JPH02106214A - Disk type cutting tool - Google Patents

Abstract

PURPOSE:To improve the performance of a knife and prolong the life of the knife in a disk type knife for cutting a cut material such as metal plate along the delivering direction by forming the edge part functioning as a cutting edge by a material having a higher hardness than that of the material of a knife body. CONSTITUTION:A ceramic part 2 sintered in a ring is fitted in the outer circumferential part of a disk type knife body 1 and adhered thereto by adhesives. A protruded part 2C provided on the inner circumferential face of the ring ceramic 2 is engaged with a recessed part 1a provided on the outer circumferential wall of the knife body 1 to strengthen the engagement with the ceramic part 2. As the materials of ceramics, those of zirconium type are preferred as cutting tools because of its high strength and toughness and excellent wear resistance and cutting ability. Thus, the performance as knife is improved, and also the life of the knife can be largely prolonged.

Description

[Detailed Description of the Invention] [Field of Industrial Application] The present invention relates to a tool for cutting a metal plate, and in particular, when a roll-shaped thin metal plate is fed out and moved, the thin plate is cut into multiple strips along the direction of movement. This invention relates to the structure of a disc-shaped cutting tool installed on a slitter line for cutting.

[Conventional technology]

In the slitter line, a coiled metal plate, such as a steel plate, is fed out, and the steel plate is cut into multiple strips of a predetermined width using multiple disc-shaped cutting tools inserted through a shaft positioned perpendicular to the feeding direction. Do the work you want to do.

FIGS. 7 and 8 show the configuration of the cutting tool section in the slitter line.

Reference numerals 50 to 55 in the figure are disc-shaped cutting tools called slinter knives (hereinafter referred to as "disk-shaped knives" or simply "
knives"), of which knives 50, 51 and 52 are attached to the upper shaft 56, and knives 53, 54 and 5 are attached to the upper shaft 56.
The knives 5 are inserted through the lower shaft 57, respectively. These knives are arranged at predetermined intervals in the axial direction of each shaft by spacers 58, 59, 60, 61 inserted through the upper shaft 56 and the lower shaft 57. The circumferential edges are positioned adjacent to each other to provide an appropriate clearance for the thickness of the plate to be cut. That is, the knives 50, 53, 51, 54, 52, and 55 are arranged in pairs so that the edges of the knives in each pair are located close to each other. Among the pair of circumferential edges of each of the knives in each set, the edge on the side that is located close to the edge of the other knife in the set, for example, the edge 8 of knives 50 and 53 is fjll &. The edge portion 50a of the knife 50 and the edge portion 53a of the knife 53 adjacent to this edge serve as cutting portions that directly cut the object to be cut, thus forming a so-called knife.

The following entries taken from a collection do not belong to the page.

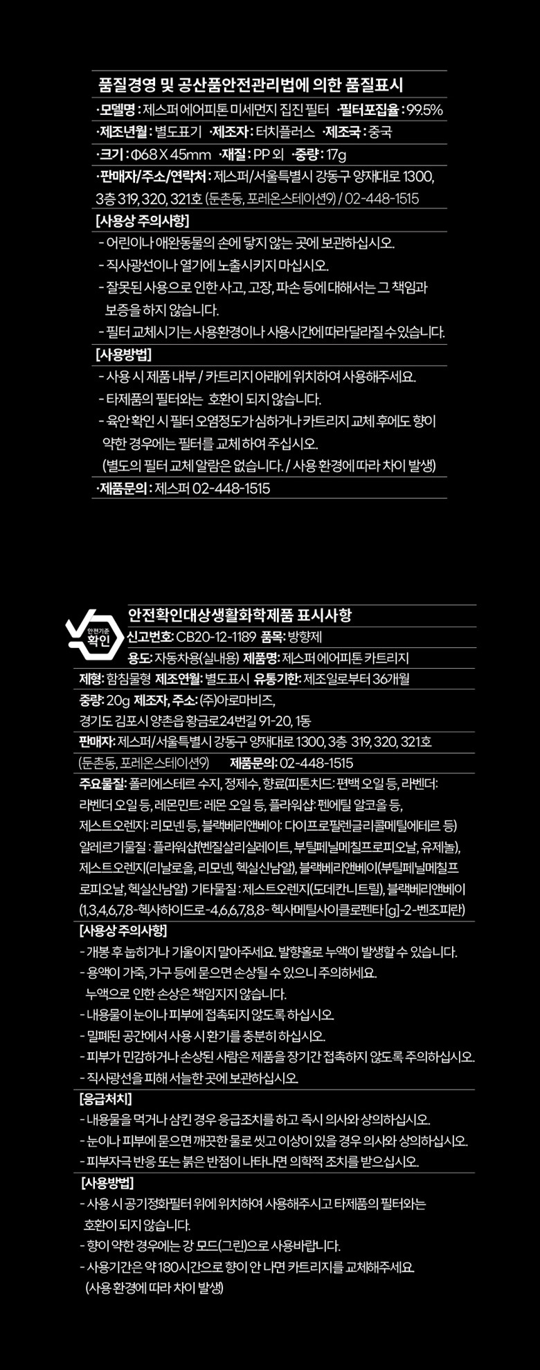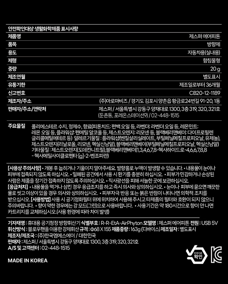 | 품명 및 모델명 | 제스퍼 에어피톤 차량용 전자 디퓨저 | 동일모델 출시년월 | 2019년 4월 |
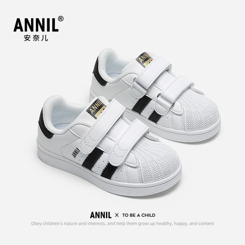 安奈儿男童贝壳头板鞋2025新款秋冬幼儿园宝宝小白鞋儿童运动鞋子
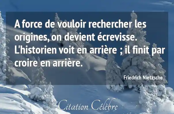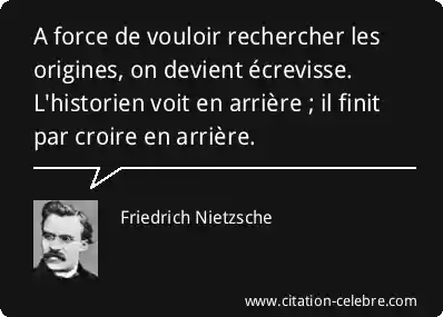 A force de vouloir rechercher les origines, on devient écrevisse. L'historien voit en arrière ; il finit par croire en arrière.
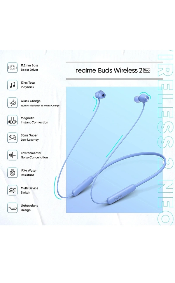 realme Buds Wireless 2 Neo Bluetooth in Ear Earphones with Mic (Blue)
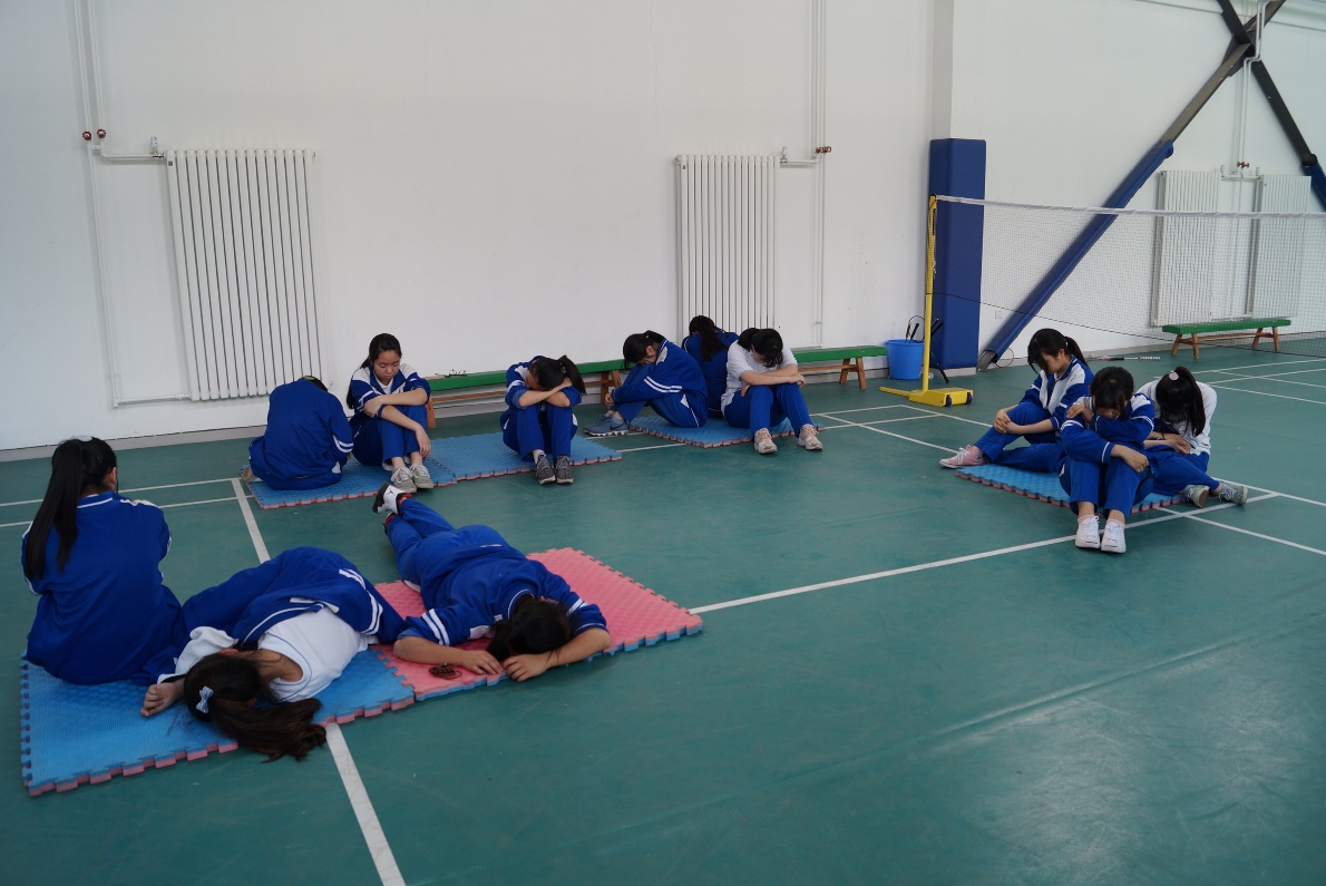 本次团体辅导活动由心理教师谢维组织开展。活动内容包括热身活动:抓与逃;主题活动:坐地起身;结束活动:积极想象。抓与逃活动旨在让学生了解考前紧张并不是那么可怕,适度的紧张可以提升专注度。坐地起身则是让孩子们意识到面对高考他们永不独行,同学、家长和老师都会成为他们坚实的后盾。最后,团体活动以积极想象作为结束活动,在脑海中进行了一次高考的预演。学生们闭上眼睛,以自己最舒服的姿势,跟随着舒缓的音乐和缓慢的指导语,想象从高考前一天到第一科考试结束的整个过程。教师针对学生可能会出现的各种情况,进行积极的引导。

In this way, by arranging the knives at appropriate intervals, the cutting knives that are rotated by the shafts 56 and 57 and located close to each other cut the steel plate 62 in the feeding direction (X direction in FIG. 8). ), a predetermined width W1,
Cut into multiple strips using W2, WN, etc.

[Problem to be solved by the invention]

In the above configuration, a large stress is applied to the back of the component of the disc-shaped knife that forms the center of the cutting device, and to the edge portion where the cutting is directly performed, and wear occurs and progresses as the cutting operation progresses. If this part wears out, the cut surface will become rough and the cutting efficiency of the slitter line will decrease, so conventionally the knife has been made of durable materials such as cemented carbide containing tungsten carbide. Highly abrasive materials are used. However, even with the use of such cemented carbide, the wear resistance of the knife is not necessarily sufficient.
However, since cemented carbide is expensive, the product price of the knife is quite high.

In addition to this, if the edge of the knife, which is the life of the knife, wears out or even a small part breaks, the entire knife must be replaced, which is coupled with the high price of the knife. This makes the entire device extremely uneconomical.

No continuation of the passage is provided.